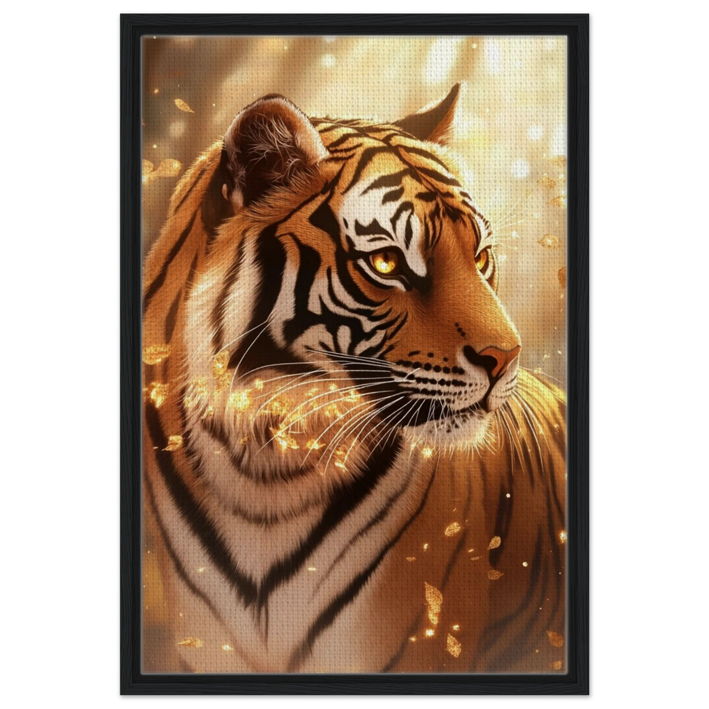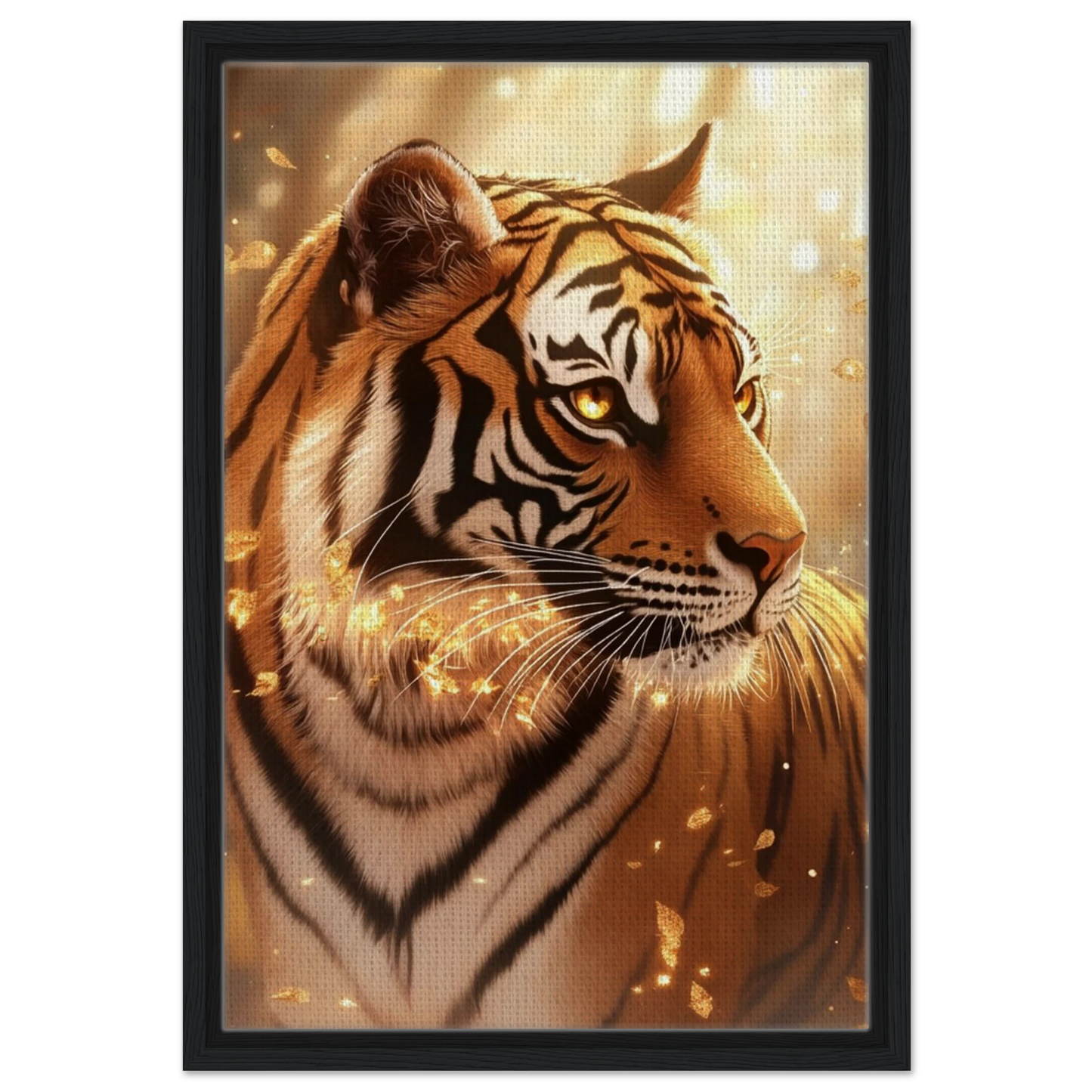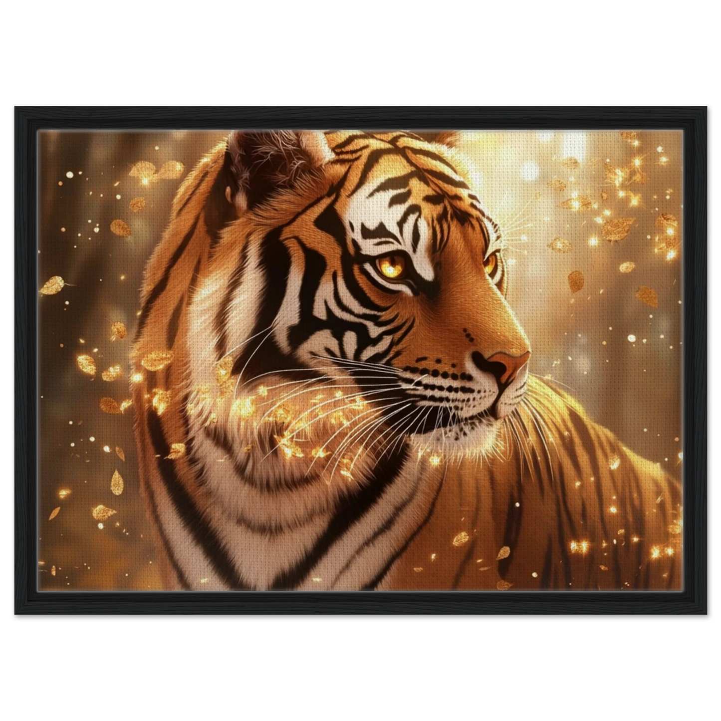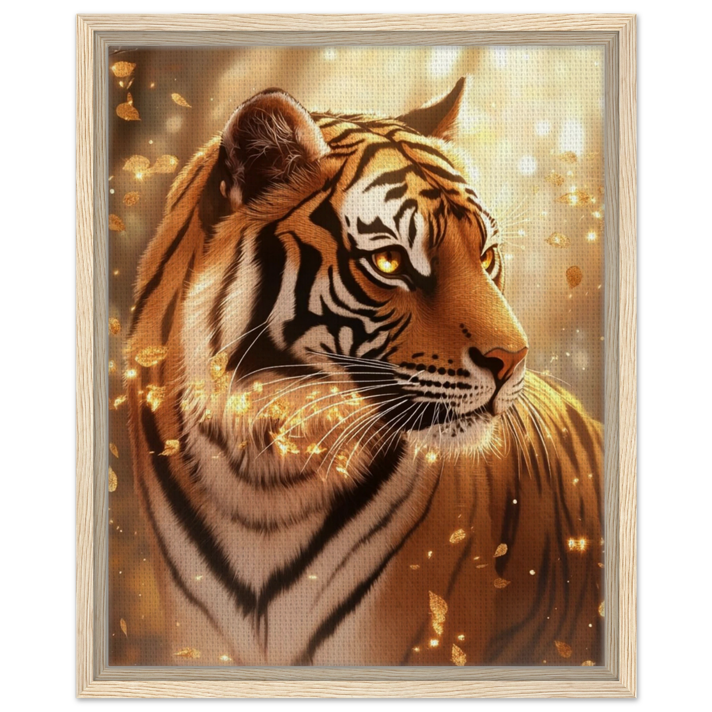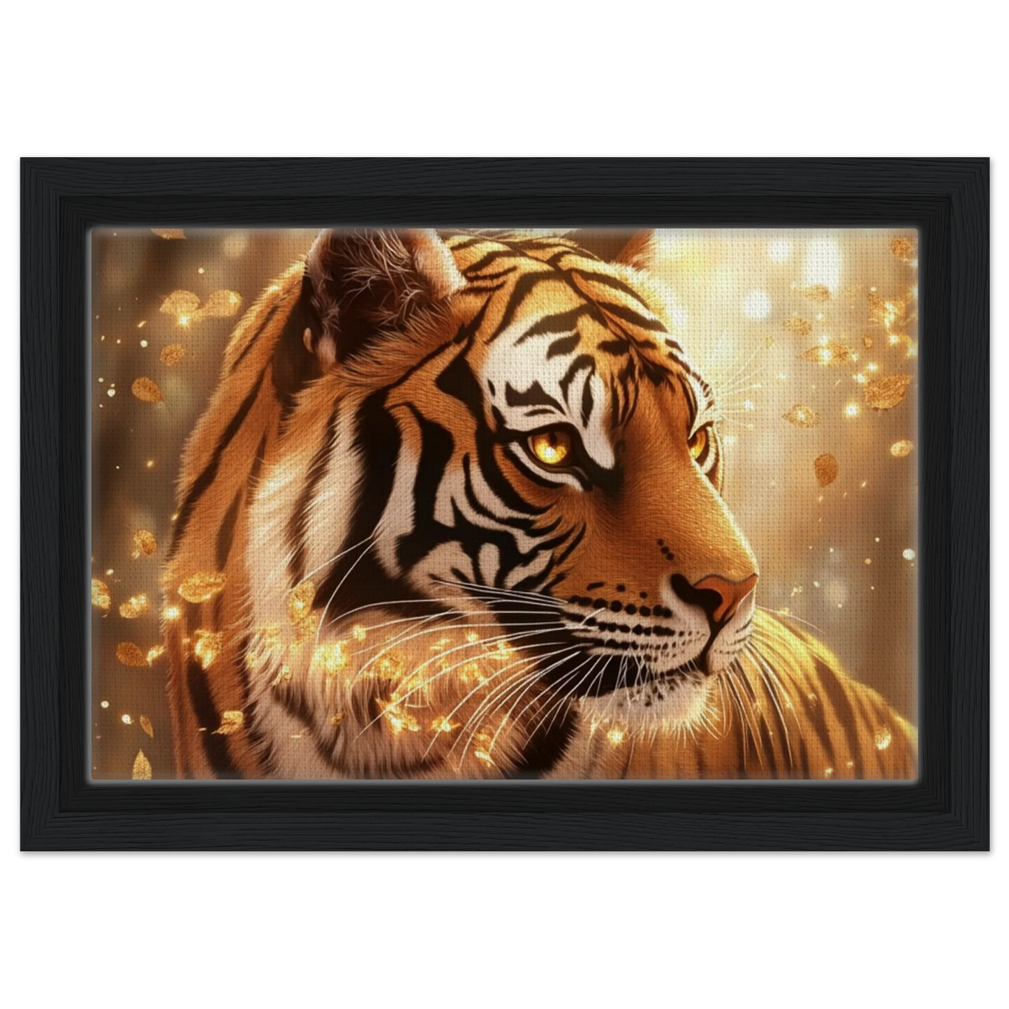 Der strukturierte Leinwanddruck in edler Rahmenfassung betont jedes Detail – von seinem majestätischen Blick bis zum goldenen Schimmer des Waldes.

• • • •

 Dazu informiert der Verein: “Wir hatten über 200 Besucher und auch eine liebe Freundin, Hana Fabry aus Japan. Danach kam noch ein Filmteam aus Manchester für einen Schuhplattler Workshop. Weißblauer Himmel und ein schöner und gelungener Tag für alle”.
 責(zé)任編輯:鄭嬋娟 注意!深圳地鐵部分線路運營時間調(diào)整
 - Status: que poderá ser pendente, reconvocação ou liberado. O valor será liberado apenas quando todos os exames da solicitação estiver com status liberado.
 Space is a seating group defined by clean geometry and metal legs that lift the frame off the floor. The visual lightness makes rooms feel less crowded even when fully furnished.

• • • •

— Work to complete —
Going back to the entries above, set down exactly the lines that begin at the one with "責(zé)任編輯:鄭嬋娟 注意!深圳地鐵部分線路運營時間調(diào)整" and end at the one with "Space is a seating", both included, and nothing else.

— Your response —
 責(zé)任編輯:鄭嬋娟 注意!深圳地鐵部分線路運營時間調(diào)整
 - Status: que poderá ser pendente, reconvocação ou liberado. O valor será liberado apenas quando todos os exames da solicitação estiver com status liberado.
 Space is a seating group defined by clean geometry and metal legs that lift the frame off the floor. The visual lightness makes rooms feel less crowded even when fully furnished.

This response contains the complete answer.